# Rumor: T-Mobile coming to Canada - 2009



## Derrick (Dec 22, 2004)

Just noticed this ...

Deutsche Telekom bringing T-Mobile to Canada in 2009? | The Boy Genius Report

Might mean that iPhone does not arrive for another year ... however, if Rogers loses out ... it would be worth the wait :clap:


----------



## Adrian. (Nov 28, 2007)

i thought something like this would happen. the sooner the better. my rogers contract is up in a couple of weeks. i think i may just get a pay as you go for my personal use until some other carriers move in and then i'll shop around.


----------



## Ottawaman (Jan 16, 2005)

> Would-be wireless players line up for auction


http://ctv2.theglobeandmail.com/ser...310/business/Business/businessBN/ctv-business



> Robert Bek, an analyst at CIBC World Markets, suggested in a recent note that the auction may also draw the interest of T-mobile International, a division of Deutsche Telekom that entered the U.S. market in 2001.
> 
> He said T-Mobile is likely to be enticed by Canada's relatively low wireless penetration rate, which is about 62 per cent compared to an average of 80 per cent in other developed countries.
> 
> ...


http://www.thestar.com/Business/article/308026


----------



## 8127972 (Sep 8, 2005)

I truly hope that this happens. I'm sick of getting "Rogered" by Rogers.


----------



## Philly (Nov 17, 2007)

SWEEEEEEEEEEEEET ! Look forward to see T-Mobile in Canada.

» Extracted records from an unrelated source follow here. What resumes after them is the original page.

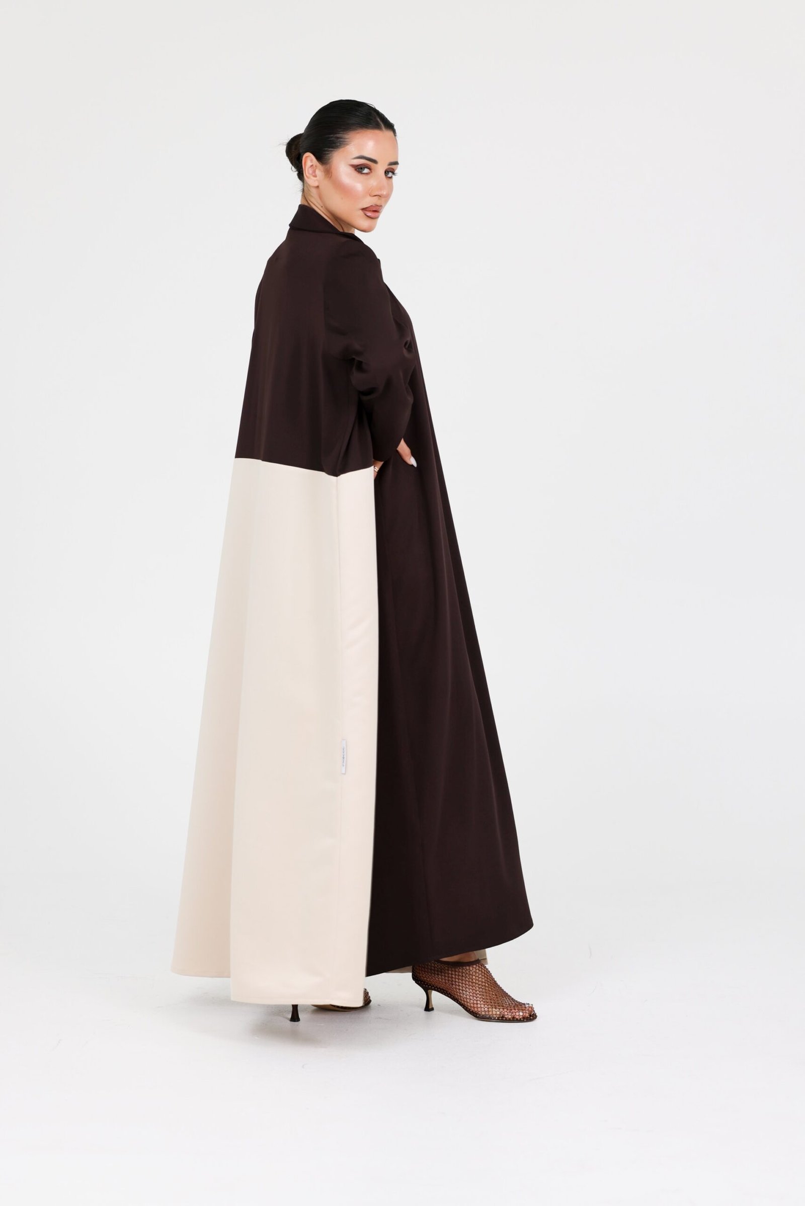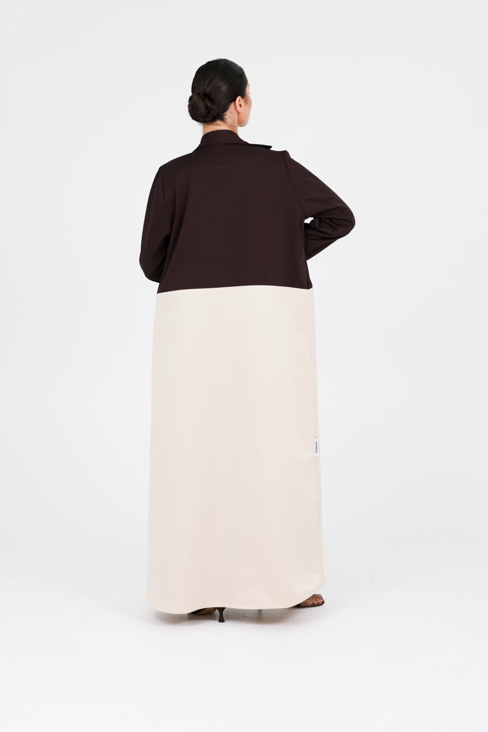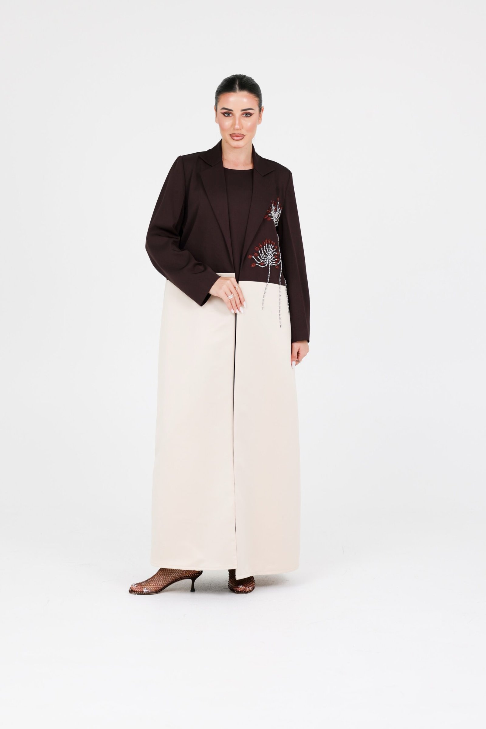 A sophisticated two-tone abaya crafted from luxurious bridal fabric, featuring a refined contrast between rich brown and soft beige tones. The design is enhanced with intricate handcrafted embroidery inspired by delicate botanical elements, adding an elegant artistic touch.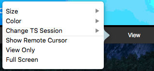 Navigate to the Mac Viewer's Remote Desktop tab to change the size or color settings of the remote device. You can also access the Terminal Services option, show the remote cursor, or switch to view only or full screen mode.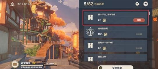 11,当玩家完成“孤木孑立,无林可依”的任务以后,就可以前往“璃月总务司”的干事小雨处,并获得20声望值。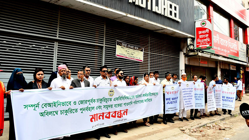 মানববন্ধনের সমন্বয়ক জাকারিয়া আল মাহমুদ বলেন, ২০২০ সালে দেশে করোনা মহামারির কারণে ব্যবসা-বাণিজ্য এবং জনজীবনে মারাত্মক সংকট নেমে আসে। সেই দুর্যোগময় মুহুর্তে এফবিসিসিআইয়ের প্রেসিডেন্ট শেখ ফজলে ফাহিম দলীয়করণের নামে ৬২জন কর্মকর্তা-কর্মচারীকে জোরপূর্বক পদত্যাগে বাধ্য করেন। এছাড়াও প্রাপ্য সার্ভিস বেনিফিট থেকেও তাদের বঞ্চিত করেন।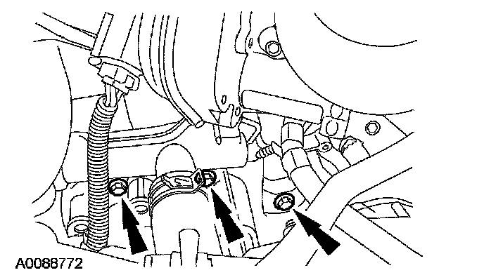 10. Position the RH exhaust manifold heat shield and install the 3 bolts.

I'm with them in the US and rates are WAY better than Canada.

With pre-paid: 10cents/min, expires 365 days if buy more than 100$ initially. Afterwards, always expires 365days after even if buying less than 100$

Lets compare to FIDO and ROGERS: FIDO=average 20c/min, expires average=30days

ROGERS=average 40c/min, expires=no idea (SOOO difficult to surf their website).

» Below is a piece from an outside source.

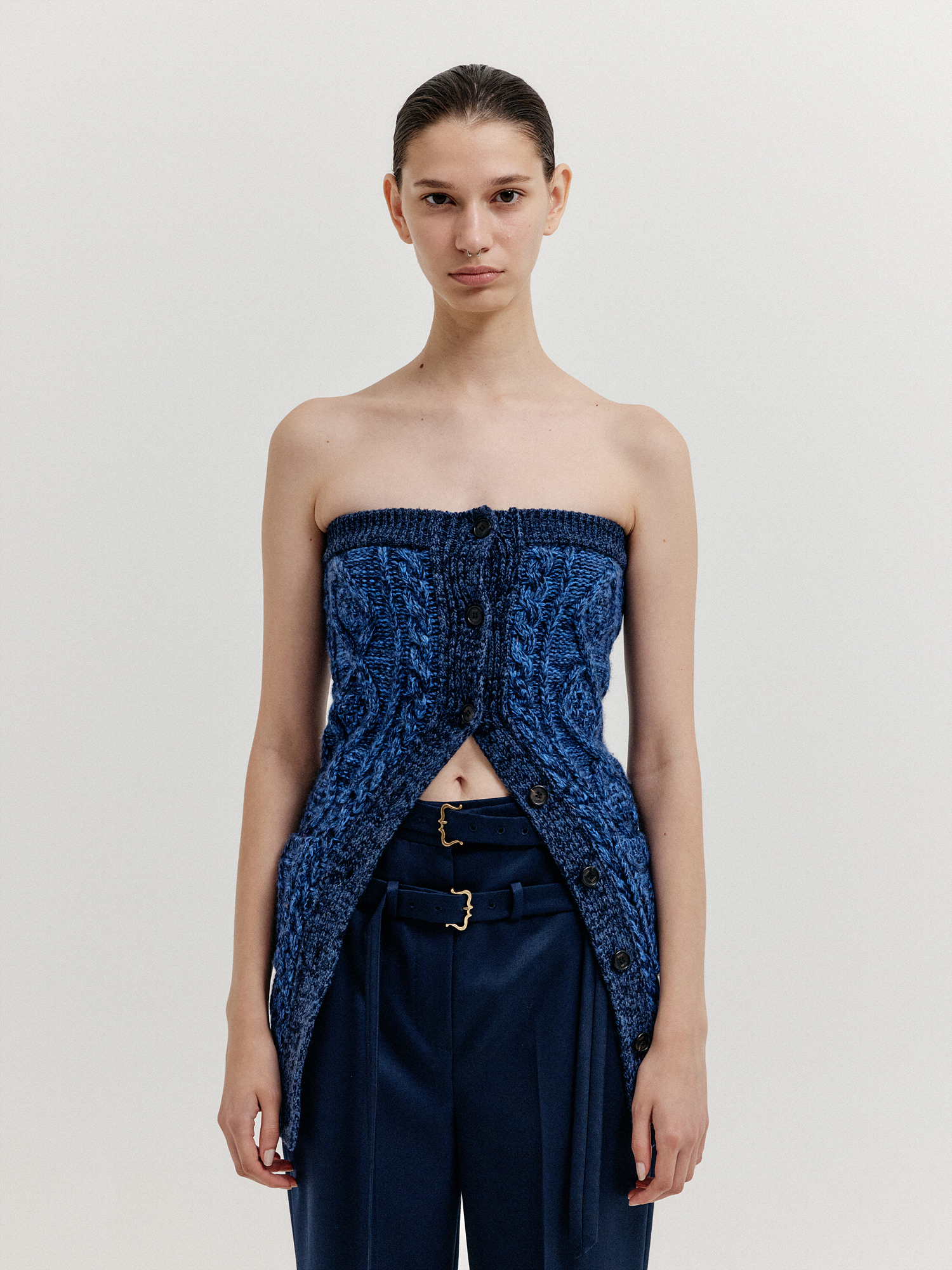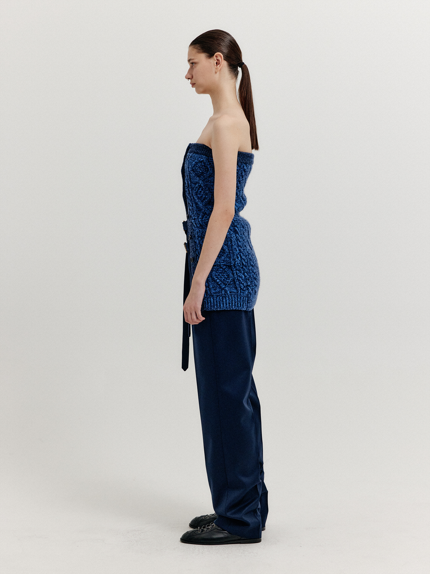 XRA Cable Knit Tube Top - Navy

As for monthly plans: A good plan for T-Mobile 40$/month, 1000min anytime + nights&weekends unlimited. :clap: :clap: :clap: :clap: 

New plan available all over the US: 100$/month UNLIMITED. Whenever, whatever, REAL unlimited.

As for iPhone rates, not bad at all neither. AT&T have good plans for it.

Lets not even try to check FIDO+ROGERS.

Anyways, I REALLY LOOK forward for competition.... :clap: :clap: :clap: :clap: :clap:


----------



## HowEver (Jan 11, 2005)

It's a large assumption to say that if T-Mobile were in Canada their rates would be far better than other carriers just because their rates are better elsewhere--in comparison to rates here.


----------



## Philly (Nov 17, 2007)

competition is usually good for consumer prices


----------



## newbieted (Dec 20, 2007)

This sounds very promising for the consumer and I hope it becomes a reality and shakes the cellular services up here. With all this competition I hope EVERYBODY drops their already very high prices for wireless services in Canada. I personally hope the market becomes flooded with wireless providers to force you know who into lowering their rates
Ted


----------



## xtal (Jul 9, 2006)

Philly said:


> competition is usually good for consumer prices


Not necessarily, according to this study out of UC Boulder:

http://ideas.repec.org/p/net/wpaper/0713.html


----------



## CaptainCode (Jun 4, 2006)

Holy hell, I hope so. Now in the US some carriers have truly unlimited calling and what do I get from Rogers for $40/month? 200 weekday/weeknight minutes, what a deal.


----------



## Mississauga (Oct 27, 2001)

HowEver said:


> It's a large assumption to say that if T-Mobile were in Canada their rates would be far better than other carriers just because their rates are better elsewhere--in comparison to rates here.


Good point!!!

Pricing is almost always based on what the market will bear.


----------